### Requirement
Output the full listing again without altering anything.

+--

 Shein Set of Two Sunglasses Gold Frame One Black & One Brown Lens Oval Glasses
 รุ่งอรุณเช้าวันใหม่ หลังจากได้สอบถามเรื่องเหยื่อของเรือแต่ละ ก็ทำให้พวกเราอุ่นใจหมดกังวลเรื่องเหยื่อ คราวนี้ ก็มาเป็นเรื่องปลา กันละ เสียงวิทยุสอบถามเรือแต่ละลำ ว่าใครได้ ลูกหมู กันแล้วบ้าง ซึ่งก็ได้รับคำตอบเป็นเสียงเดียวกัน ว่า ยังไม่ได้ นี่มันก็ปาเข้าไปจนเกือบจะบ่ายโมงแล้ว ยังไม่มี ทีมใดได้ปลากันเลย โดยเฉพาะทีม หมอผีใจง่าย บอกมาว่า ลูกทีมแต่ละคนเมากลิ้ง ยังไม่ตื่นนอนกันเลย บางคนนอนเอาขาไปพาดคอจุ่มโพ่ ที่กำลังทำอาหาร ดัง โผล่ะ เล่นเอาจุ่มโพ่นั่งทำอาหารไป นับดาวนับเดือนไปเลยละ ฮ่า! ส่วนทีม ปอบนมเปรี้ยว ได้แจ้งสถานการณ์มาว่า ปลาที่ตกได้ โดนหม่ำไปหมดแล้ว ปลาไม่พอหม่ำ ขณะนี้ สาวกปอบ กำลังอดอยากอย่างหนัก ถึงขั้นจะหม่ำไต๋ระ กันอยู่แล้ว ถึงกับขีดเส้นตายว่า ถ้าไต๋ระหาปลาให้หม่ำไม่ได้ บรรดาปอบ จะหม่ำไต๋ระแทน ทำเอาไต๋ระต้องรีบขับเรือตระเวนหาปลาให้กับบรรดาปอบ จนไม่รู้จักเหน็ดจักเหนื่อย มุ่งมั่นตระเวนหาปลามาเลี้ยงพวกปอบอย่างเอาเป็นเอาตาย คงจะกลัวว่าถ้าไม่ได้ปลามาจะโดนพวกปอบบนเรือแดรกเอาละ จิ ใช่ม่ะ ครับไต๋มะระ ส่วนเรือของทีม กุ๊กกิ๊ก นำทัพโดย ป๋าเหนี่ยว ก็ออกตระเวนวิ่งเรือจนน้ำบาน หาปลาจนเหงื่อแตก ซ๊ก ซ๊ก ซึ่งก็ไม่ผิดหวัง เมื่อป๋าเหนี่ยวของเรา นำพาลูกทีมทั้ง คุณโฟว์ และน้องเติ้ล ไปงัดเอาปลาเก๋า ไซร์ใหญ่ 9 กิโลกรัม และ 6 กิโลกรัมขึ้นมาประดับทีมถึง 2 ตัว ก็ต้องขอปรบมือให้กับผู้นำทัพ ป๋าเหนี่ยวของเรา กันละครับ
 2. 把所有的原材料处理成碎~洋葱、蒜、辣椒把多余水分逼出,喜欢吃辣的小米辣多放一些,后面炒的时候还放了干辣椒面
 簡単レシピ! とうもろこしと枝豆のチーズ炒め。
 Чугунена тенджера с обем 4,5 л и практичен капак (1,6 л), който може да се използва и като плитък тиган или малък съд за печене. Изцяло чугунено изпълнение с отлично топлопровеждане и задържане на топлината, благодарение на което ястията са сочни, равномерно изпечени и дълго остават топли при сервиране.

+--

### Answer box
 Shein Set of Two Sunglasses Gold Frame One Black & One Brown Lens Oval Glasses
 รุ่งอรุณเช้าวันใหม่ หลังจากได้สอบถามเรื่องเหยื่อของเรือแต่ละ ก็ทำให้พวกเราอุ่นใจหมดกังวลเรื่องเหยื่อ คราวนี้ ก็มาเป็นเรื่องปลา กันละ เสียงวิทยุสอบถามเรือแต่ละลำ ว่าใครได้ ลูกหมู กันแล้วบ้าง ซึ่งก็ได้รับคำตอบเป็นเสียงเดียวกัน ว่า ยังไม่ได้ นี่มันก็ปาเข้าไปจนเกือบจะบ่ายโมงแล้ว ยังไม่มี ทีมใดได้ปลากันเลย โดยเฉพาะทีม หมอผีใจง่าย บอกมาว่า ลูกทีมแต่ละคนเมากลิ้ง ยังไม่ตื่นนอนกันเลย บางคนนอนเอาขาไปพาดคอจุ่มโพ่ ที่กำลังทำอาหาร ดัง โผล่ะ เล่นเอาจุ่มโพ่นั่งทำอาหารไป นับดาวนับเดือนไปเลยละ ฮ่า! ส่วนทีม ปอบนมเปรี้ยว ได้แจ้งสถานการณ์มาว่า ปลาที่ตกได้ โดนหม่ำไปหมดแล้ว ปลาไม่พอหม่ำ ขณะนี้ สาวกปอบ กำลังอดอยากอย่างหนัก ถึงขั้นจะหม่ำไต๋ระ กันอยู่แล้ว ถึงกับขีดเส้นตายว่า ถ้าไต๋ระหาปลาให้หม่ำไม่ได้ บรรดาปอบ จะหม่ำไต๋ระแทน ทำเอาไต๋ระต้องรีบขับเรือตระเวนหาปลาให้กับบรรดาปอบ จนไม่รู้จักเหน็ดจักเหนื่อย มุ่งมั่นตระเวนหาปลามาเลี้ยงพวกปอบอย่างเอาเป็นเอาตาย คงจะกลัวว่าถ้าไม่ได้ปลามาจะโดนพวกปอบบนเรือแดรกเอาละ จิ ใช่ม่ะ ครับไต๋มะระ ส่วนเรือของทีม กุ๊กกิ๊ก นำทัพโดย ป๋าเหนี่ยว ก็ออกตระเวนวิ่งเรือจนน้ำบาน หาปลาจนเหงื่อแตก ซ๊ก ซ๊ก ซึ่งก็ไม่ผิดหวัง เมื่อป๋าเหนี่ยวของเรา นำพาลูกทีมทั้ง คุณโฟว์ และน้องเติ้ล ไปงัดเอาปลาเก๋า ไซร์ใหญ่ 9 กิโลกรัม และ 6 กิโลกรัมขึ้นมาประดับทีมถึง 2 ตัว ก็ต้องขอปรบมือให้กับผู้นำทัพ ป๋าเหนี่ยวของเรา กันละครับ
 2. 把所有的原材料处理成碎~洋葱、蒜、辣椒把多余水分逼出,喜欢吃辣的小米辣多放一些,后面炒的时候还放了干辣椒面
 簡単レシピ! とうもろこしと枝豆のチーズ炒め。
 Чугунена тенджера с обем 4,5 л и практичен капак (1,6 л), който може да се използва и като плитък тиган или малък съд за печене. Изцяло чугунено изпълнение с отлично топлопровеждане и задържане на топлината, благодарение на което ястията са сочни, равномерно изпечени и дълго остават топли при сервиране.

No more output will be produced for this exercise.